Sintilimab Versus Pembrolizumab for Advanced-stage Non-Small-Cell Lung Cancer

Status:
Not yet recruiting
Trial end date:
2021-12-01
Target enrollment:
0
Participant gender:
All
Summary
This study is a single-center, randomized controlled, phase II clinical trial, aiming at giving a comparison of Sintilimab and Pembrolizumab in stage IIIB-IV NSCLC patients at first-line treatment setting.
Phase:
Phase 2
Accepts Healthy Volunteers?
No
Details
Lead Sponsor:
Guangdong Association of Clinical Trials
Treatments:
Pembrolizumab
Criteria
Inclusion Criteria:

1. Age≥18 years. Signed Informed Consent Form.
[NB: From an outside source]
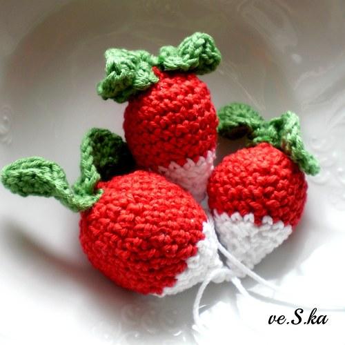 Háčkovaná sada tří ředkviček ze 100% bavlněné příze v červené a bílé barvě, plněné vatelínem. Vypadají jako pravé díky kořínku a zeleným lístečkům.

2. Stage IV NSCLC confirmed by histology/ cytology or Stage IIIB-IIIC NSCLC that could
not be treated with radical radiation therapy (8th edition of IASLC Lung Cancer
Staging System).

3. Fresh tumor tissue or paraffin tissue within 6 months is adequate for PD-L1 expression
(TPS) testing in the central laboratory.

4. Tumor tissue without EGFR mutation or ALK rearrangement must be confirmed.

5. Per RECIST 1.1 the efficacy evaluation criteria for solid tumors, at least one
radiologically measurable lesion which was not treated with radiotherapy or had
obvious disease progression after radiotherapy.

6. Patients who received no systemic chemotherapy or any other systemic treatment for
advanced NSCLC. For patients who received preoperative neoadjuvant chemotherapy or
postoperative adjuvant chemotherapy or radical chemoradiotherapy, if the disease
progresses occurred one six months after the last treatment, they can be enrolled.
Patients who received targeted therapy or immunotherapy can not be enrolled.

Exclusion Criteria:

1. Active hepatitis B. Active hepatitis B is defined as HBsAg positive and the detected
HBV-DNA copy number is larger than the upper limit of normal value in the laboratory
of the study site.

2. Currently or prior clinically active interstitial lung disease. Currently active
pneumonia. Current radiation pneumonitis for which corticosteroid treatment is
required.

3. Known HIV antibody positive, or other acquired or congenital immunodeficiency
diseases, or history of organ transplantation.

4. Fever and the body temperature is above 38°C or clinically significant infection
within 1 week prior to the enrollment.

5. Active tuberculosis. Evidence of severe or uncontrollable systemic diseases (such as
severe mental, neurological diseases, seizure, or dementia, unstable or
non-compensatory respiratory, cardiovascular, hepatic or renal diseases, and
uncontrolled hypertension [CTCAE Grade 2 hypertension or above after drug treatment]).

6. Patients with active bleeding or new thrombotic diseases who are orally taking with
anticoagulant drugs or have bleeding tendency.